God put into us a desire for Him, for he is the Ultimate Joy. I catch glimpses of “the Land Across the Sea” when Lewis describes the Emperor’s Lands and Tolkien describes the Undying Lands.
And it HURTS. Narnia pains me as soon as I see Mr. Tummnus with his umbrella, red scarf, and packages. LOTR burns when I pass through Rivendell with Bilbo and the Dwarves. I wouldn’t want it another way. I am grateful to catch glimpses of God.

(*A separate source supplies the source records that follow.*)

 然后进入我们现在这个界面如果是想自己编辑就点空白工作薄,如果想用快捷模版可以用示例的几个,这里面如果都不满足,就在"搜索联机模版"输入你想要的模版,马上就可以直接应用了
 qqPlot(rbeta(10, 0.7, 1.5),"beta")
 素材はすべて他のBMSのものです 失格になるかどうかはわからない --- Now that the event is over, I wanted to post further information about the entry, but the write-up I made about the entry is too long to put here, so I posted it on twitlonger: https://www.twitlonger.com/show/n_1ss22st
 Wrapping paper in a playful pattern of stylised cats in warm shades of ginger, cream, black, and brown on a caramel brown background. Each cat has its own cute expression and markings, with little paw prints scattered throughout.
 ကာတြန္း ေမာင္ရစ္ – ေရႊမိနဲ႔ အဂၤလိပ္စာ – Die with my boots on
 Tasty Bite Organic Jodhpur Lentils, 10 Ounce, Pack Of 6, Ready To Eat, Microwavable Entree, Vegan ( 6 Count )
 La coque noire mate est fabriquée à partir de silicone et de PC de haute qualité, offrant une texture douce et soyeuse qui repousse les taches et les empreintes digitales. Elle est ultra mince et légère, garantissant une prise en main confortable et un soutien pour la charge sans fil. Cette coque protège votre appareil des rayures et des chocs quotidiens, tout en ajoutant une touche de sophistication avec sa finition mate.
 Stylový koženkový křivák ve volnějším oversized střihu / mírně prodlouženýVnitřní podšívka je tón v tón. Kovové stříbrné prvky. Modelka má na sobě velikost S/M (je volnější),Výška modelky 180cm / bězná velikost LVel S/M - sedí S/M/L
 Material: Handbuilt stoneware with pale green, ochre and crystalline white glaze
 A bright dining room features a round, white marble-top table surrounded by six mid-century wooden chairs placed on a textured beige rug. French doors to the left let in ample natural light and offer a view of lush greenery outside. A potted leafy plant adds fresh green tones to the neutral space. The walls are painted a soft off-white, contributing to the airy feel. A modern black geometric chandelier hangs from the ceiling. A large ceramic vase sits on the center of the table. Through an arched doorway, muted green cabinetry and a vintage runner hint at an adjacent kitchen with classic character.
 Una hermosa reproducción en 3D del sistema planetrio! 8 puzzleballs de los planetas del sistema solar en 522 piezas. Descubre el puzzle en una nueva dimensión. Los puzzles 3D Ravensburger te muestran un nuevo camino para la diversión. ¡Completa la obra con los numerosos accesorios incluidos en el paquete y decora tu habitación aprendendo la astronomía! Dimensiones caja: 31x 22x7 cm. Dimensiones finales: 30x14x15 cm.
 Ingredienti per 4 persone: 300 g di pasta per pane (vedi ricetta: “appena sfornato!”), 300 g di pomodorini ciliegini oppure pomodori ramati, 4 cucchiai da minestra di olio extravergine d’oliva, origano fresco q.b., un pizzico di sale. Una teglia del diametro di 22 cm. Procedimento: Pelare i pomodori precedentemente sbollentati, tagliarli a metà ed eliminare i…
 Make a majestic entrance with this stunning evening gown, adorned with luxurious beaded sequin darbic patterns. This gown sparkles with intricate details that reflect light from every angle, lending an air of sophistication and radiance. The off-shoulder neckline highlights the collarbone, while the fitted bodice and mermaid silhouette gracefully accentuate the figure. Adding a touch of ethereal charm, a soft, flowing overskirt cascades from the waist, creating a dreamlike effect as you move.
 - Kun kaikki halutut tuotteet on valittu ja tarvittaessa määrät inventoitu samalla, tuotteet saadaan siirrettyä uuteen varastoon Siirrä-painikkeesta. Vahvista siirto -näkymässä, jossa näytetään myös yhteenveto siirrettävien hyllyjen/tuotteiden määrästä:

This mixture of joy and grief is hard to explain to someone who doesn’t experience it the same way you do. (Lewis does it well in his autobiography, but that is partly because I am someone who craves fairy tales.) I remember crying in that awful (painfully, awful) 2010 adaption of The Voyage of the Dawn Treader when Reepicheep crosses over into Aslan’s Country. I just flat-out sobbed for fifteen minutes and could not explain to my family what happened for another hour after that. (Poor dears, they put up with so much. They thought it was safe since ROTK Extended Edition was 2004 and The Hobbit isn’t due until 2012 at the earliest.)
You have all had those moments. My mother’s had one when my father, sister, dog, and me fell asleep on her. My roommate’s is when she sees God working in one of her friends. My true moment of joy was when I held my baby sister for the first time, she woke up, didn’t cry, smiled up at me, and fell back asleep. That sunset that is too beautiful to be real. That bit of melody of a song that you never quite realize you knew… It is all a little glimpse of God and his calling out to you.
If you want a better explanation of this, read Surprised by Joy and anything Narnia or LOTR.